» **Directions for this task**
Please set down only the lines below starting with the line with "SUKOHARJO (Voa Islam)" and going on through the line with "ZARA Women Size", verbatim and without pictures.

═════ Extracted material ═════

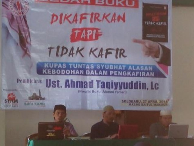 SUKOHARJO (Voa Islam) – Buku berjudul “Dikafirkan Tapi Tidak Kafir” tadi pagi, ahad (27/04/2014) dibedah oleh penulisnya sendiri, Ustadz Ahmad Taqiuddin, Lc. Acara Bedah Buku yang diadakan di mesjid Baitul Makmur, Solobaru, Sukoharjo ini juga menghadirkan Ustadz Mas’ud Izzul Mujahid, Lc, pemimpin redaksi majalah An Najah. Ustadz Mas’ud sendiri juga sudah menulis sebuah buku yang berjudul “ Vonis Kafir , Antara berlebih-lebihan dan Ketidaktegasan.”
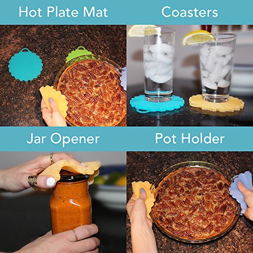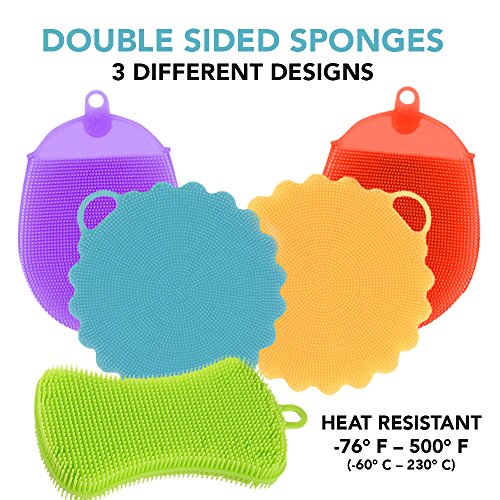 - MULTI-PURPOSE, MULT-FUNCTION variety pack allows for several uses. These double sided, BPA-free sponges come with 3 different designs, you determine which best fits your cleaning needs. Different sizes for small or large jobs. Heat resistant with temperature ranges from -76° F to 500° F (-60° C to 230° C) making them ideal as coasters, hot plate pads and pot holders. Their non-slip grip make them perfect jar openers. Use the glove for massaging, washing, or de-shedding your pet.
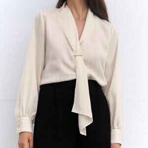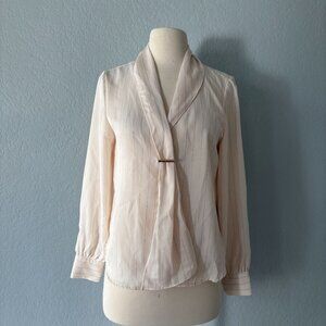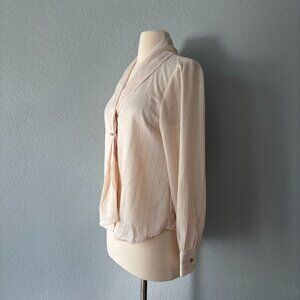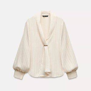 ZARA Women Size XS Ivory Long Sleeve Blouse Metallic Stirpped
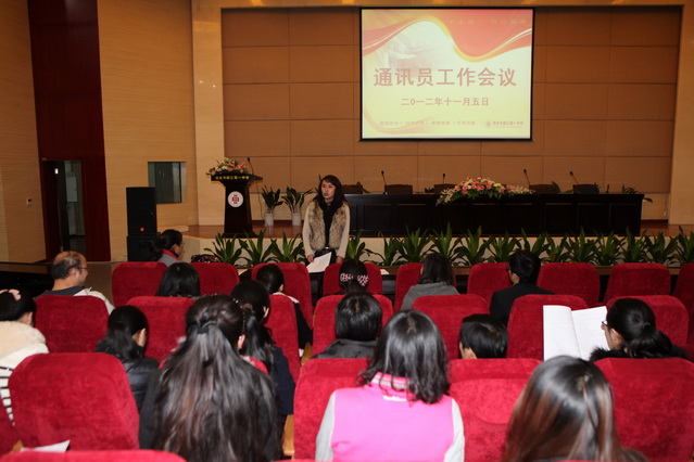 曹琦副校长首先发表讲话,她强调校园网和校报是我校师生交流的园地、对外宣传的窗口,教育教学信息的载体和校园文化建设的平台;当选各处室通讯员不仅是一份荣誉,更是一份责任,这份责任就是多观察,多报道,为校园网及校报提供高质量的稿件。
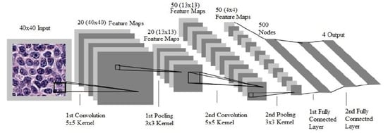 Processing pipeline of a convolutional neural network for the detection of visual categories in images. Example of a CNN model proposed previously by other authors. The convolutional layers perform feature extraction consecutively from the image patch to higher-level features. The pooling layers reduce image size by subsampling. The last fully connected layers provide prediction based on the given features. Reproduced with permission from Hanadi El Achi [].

═════
═════ Extracted material ═════

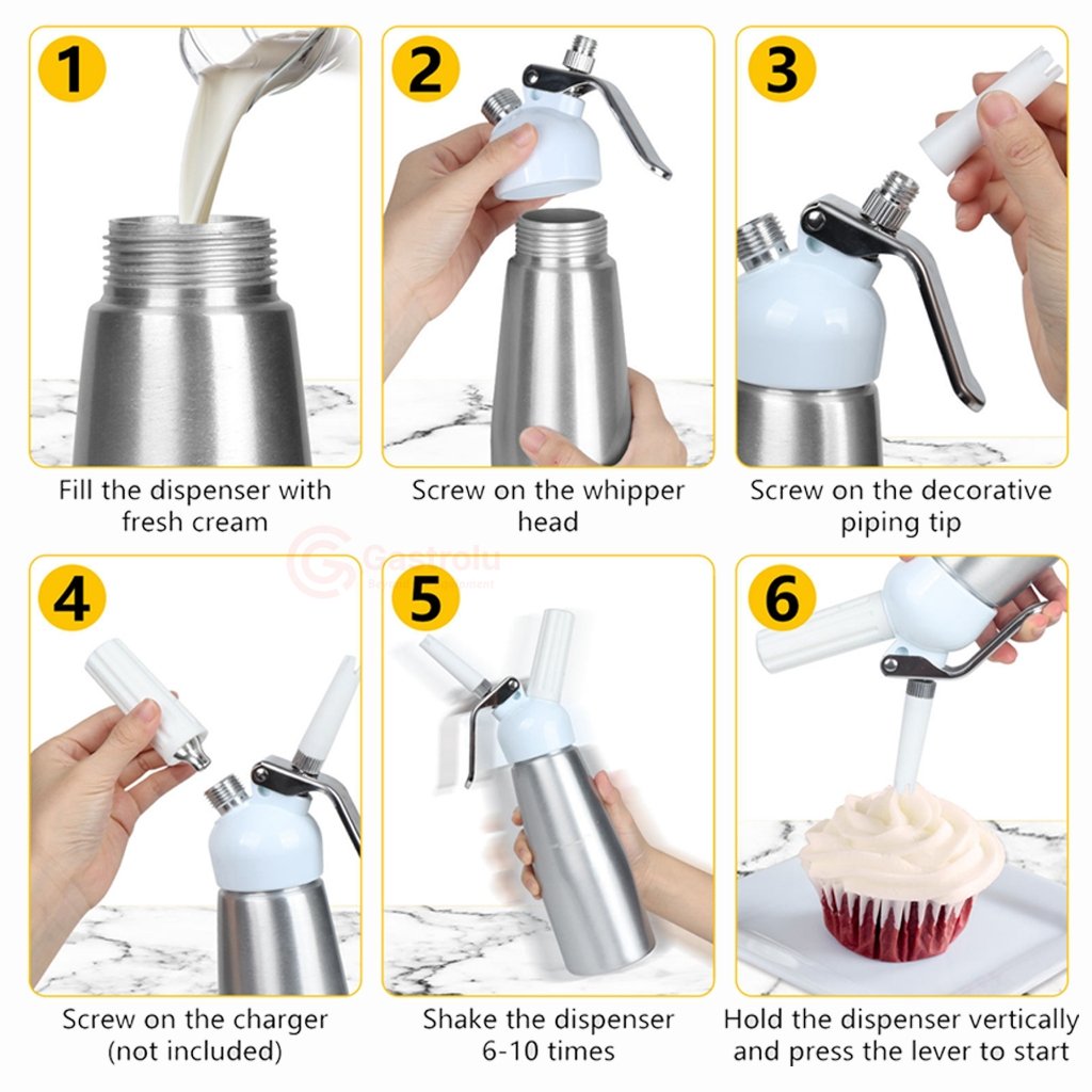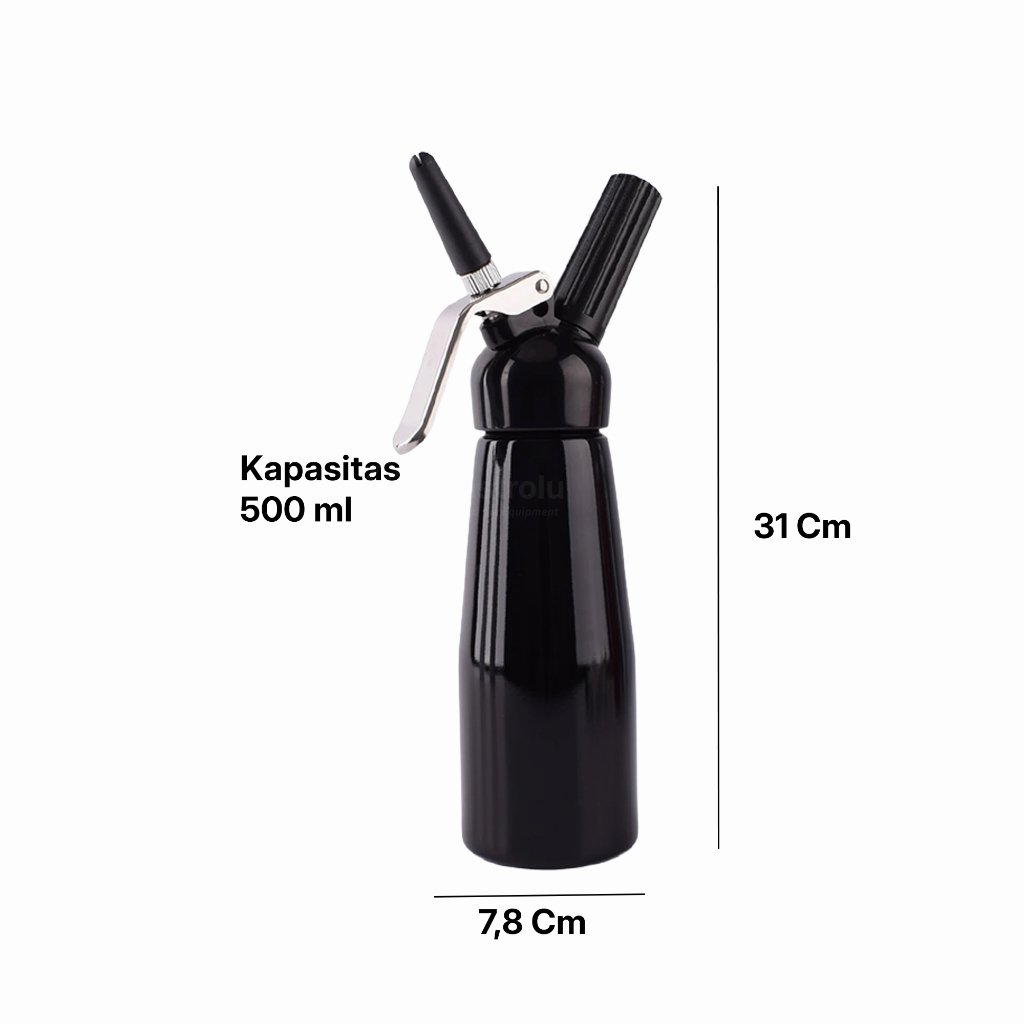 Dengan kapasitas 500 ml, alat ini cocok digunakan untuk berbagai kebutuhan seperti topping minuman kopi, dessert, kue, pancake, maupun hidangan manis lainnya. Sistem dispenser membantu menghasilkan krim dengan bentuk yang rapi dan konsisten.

═════
═════ Extracted material ═════

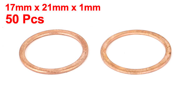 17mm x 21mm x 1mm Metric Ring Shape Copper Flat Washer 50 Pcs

═════

» **Output for this task**
 SUKOHARJO (Voa Islam) – Buku berjudul “Dikafirkan Tapi Tidak Kafir” tadi pagi, ahad (27/04/2014) dibedah oleh penulisnya sendiri, Ustadz Ahmad Taqiuddin, Lc. Acara Bedah Buku yang diadakan di mesjid Baitul Makmur, Solobaru, Sukoharjo ini juga menghadirkan Ustadz Mas’ud Izzul Mujahid, Lc, pemimpin redaksi majalah An Najah. Ustadz Mas’ud sendiri juga sudah menulis sebuah buku yang berjudul “ Vonis Kafir , Antara berlebih-lebihan dan Ketidaktegasan.”
 - MULTI-PURPOSE, MULT-FUNCTION variety pack allows for several uses. These double sided, BPA-free sponges come with 3 different designs, you determine which best fits your cleaning needs. Different sizes for small or large jobs. Heat resistant with temperature ranges from -76° F to 500° F (-60° C to 230° C) making them ideal as coasters, hot plate pads and pot holders. Their non-slip grip make them perfect jar openers. Use the glove for massaging, washing, or de-shedding your pet.
 ZARA Women Size XS Ivory Long Sleeve Blouse Metallic Stirpped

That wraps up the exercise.